EXERCISE AIM:
Within the entries below, please retype exactly the lines starting with the line that has "傲视遮天的VIP有一个专属的" and going on through the line that has "One 1918 $1", but not the pictures.

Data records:
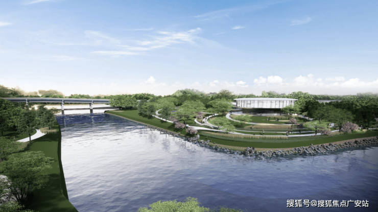 一南一北两个开放式绿地公园,构筑出两侧的滨水活力空间,从而缝合出一条项目全区域的生态活力滨河绿廊
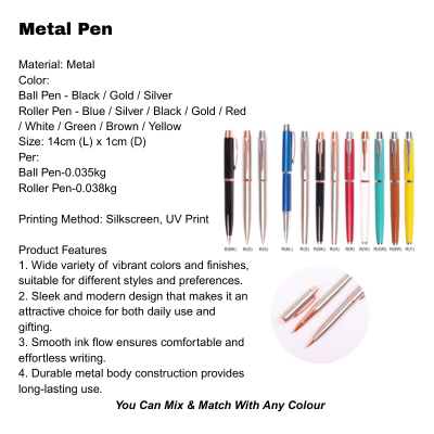 Metal Pen: Silkscreen, UV Print
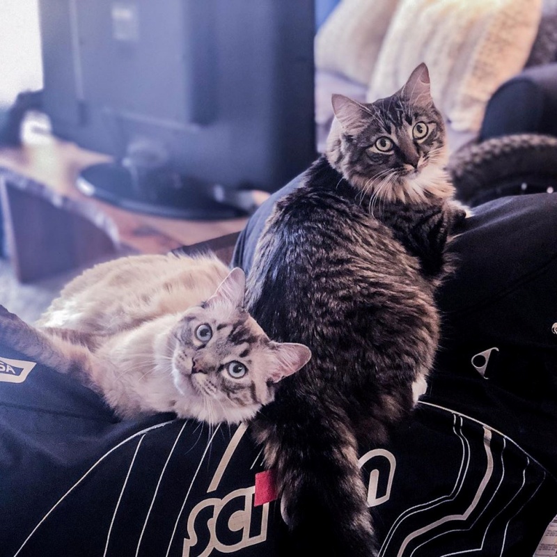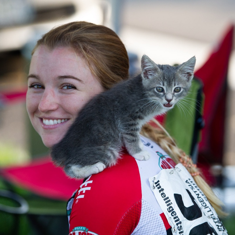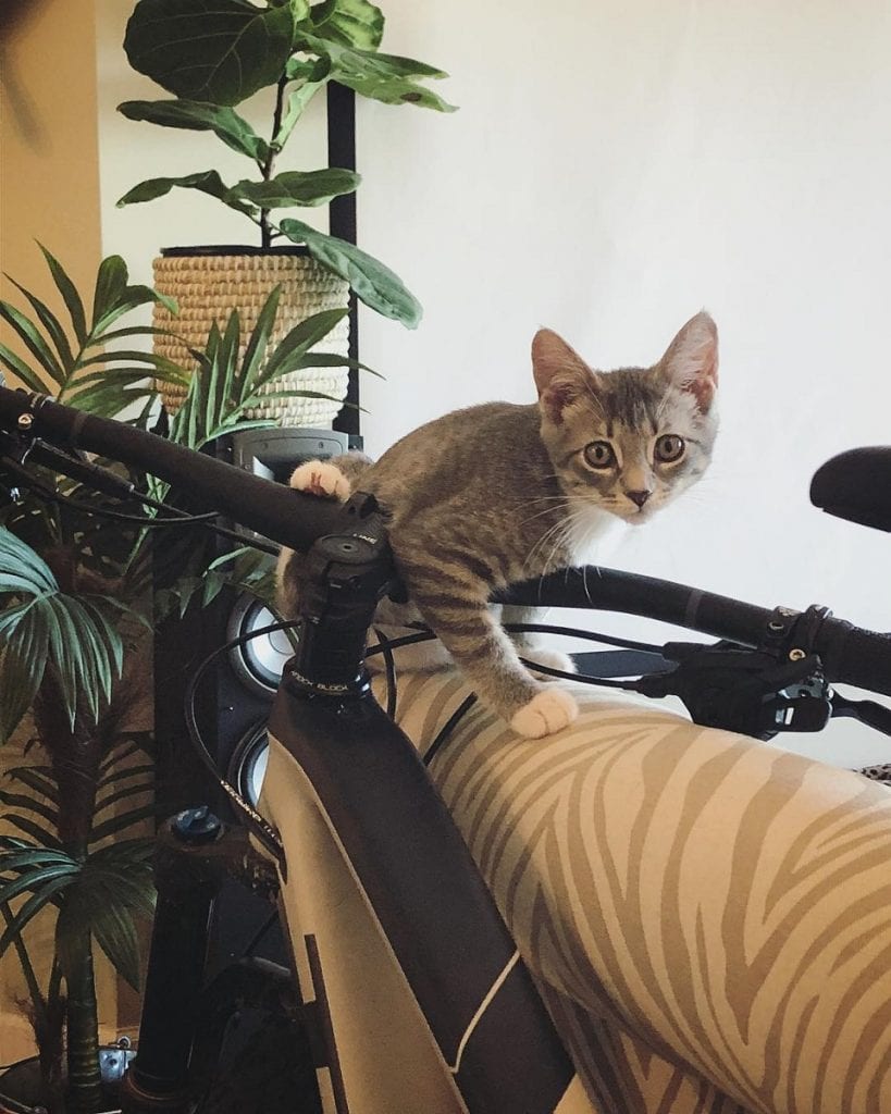 2021年08月09日緣分真是一種很奇妙的東西。美國密西根州女子Madison Kelly是一名自行車手,同時還是一個溫柔的貓奴。她家有一隻叫Kitsy的19歲橘貓,本來Madison不準備再養其他貓了,但她卻被一隻叫Puig的小貓賴上,不得不成為了Puig的鏟屎官。
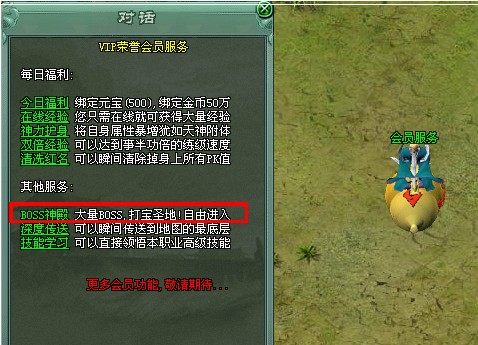 傲视遮天的VIP有一个专属的打BOSS地图,这个地图就是BOSS神殿。里面有很多单人可以击杀的小BOSS,这些BOSS不仅可以让你获得很多初期的好装备,还因为它的BOSS数量多。更是玩家们刷自己元神的好去处哦。
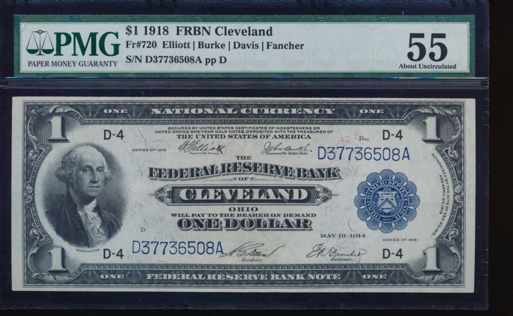 One 1918 $1 Cleveland Federal Reserve Bank Note PMG 55.
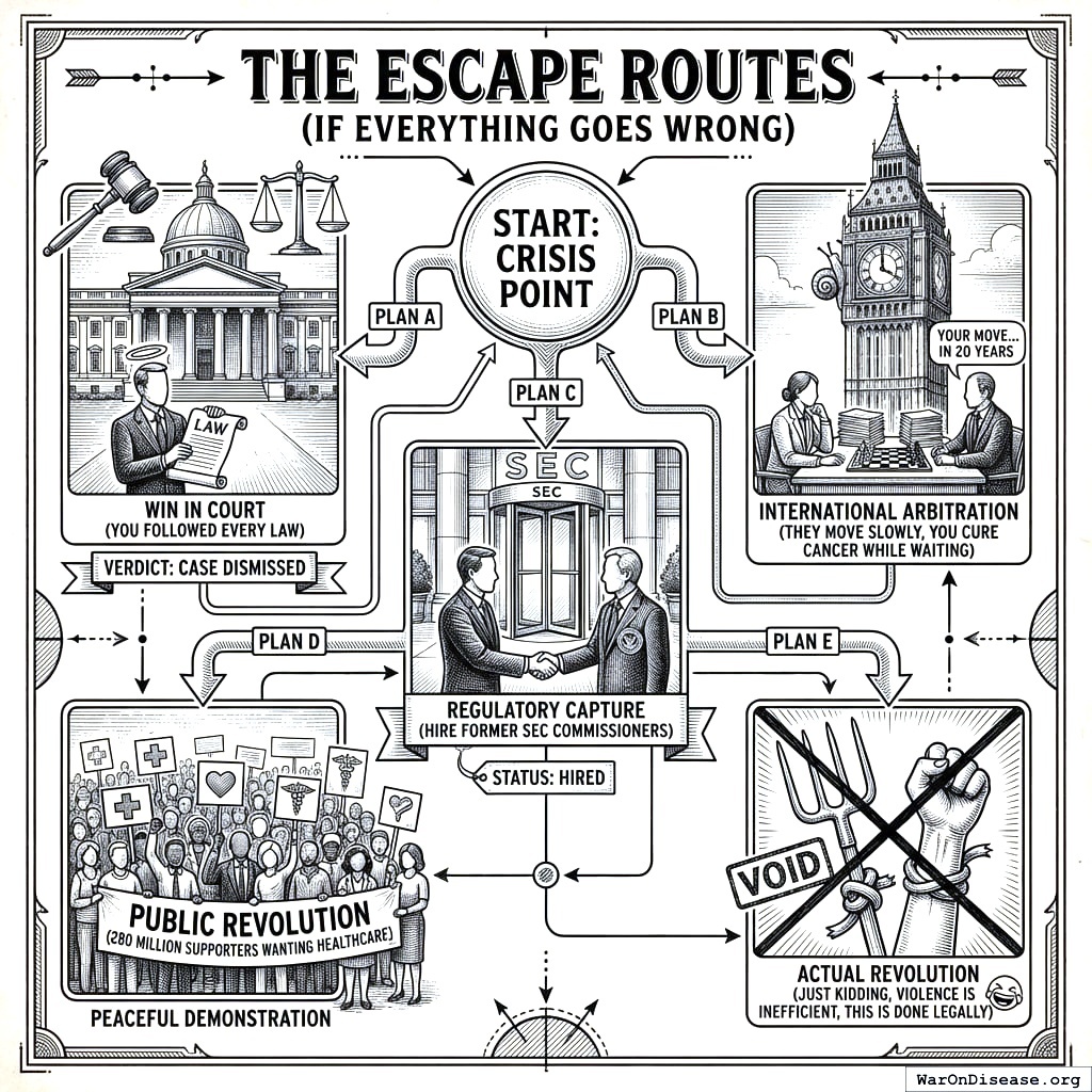 If the courts fail anyway, you have international arbitration, regulatory capture (former SEC commissioners are surprisingly affordable, like vintage furniture), and 280 million referendum participants who make politicians reconsider their entire careers.
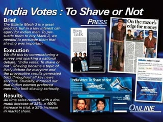 3. Gillette has a range of products including razors, deodorants, shaving creams, and batteries acquired through Duracell. It focuses on branding, innovation, and prioritizing profitable product lines in India.

OUTPUT OF THE EXERCISE:
 傲视遮天的VIP有一个专属的打BOSS地图,这个地图就是BOSS神殿。里面有很多单人可以击杀的小BOSS,这些BOSS不仅可以让你获得很多初期的好装备,还因为它的BOSS数量多。更是玩家们刷自己元神的好去处哦。
 One 1918 $1 Cleveland Federal Reserve Bank Note PMG 55.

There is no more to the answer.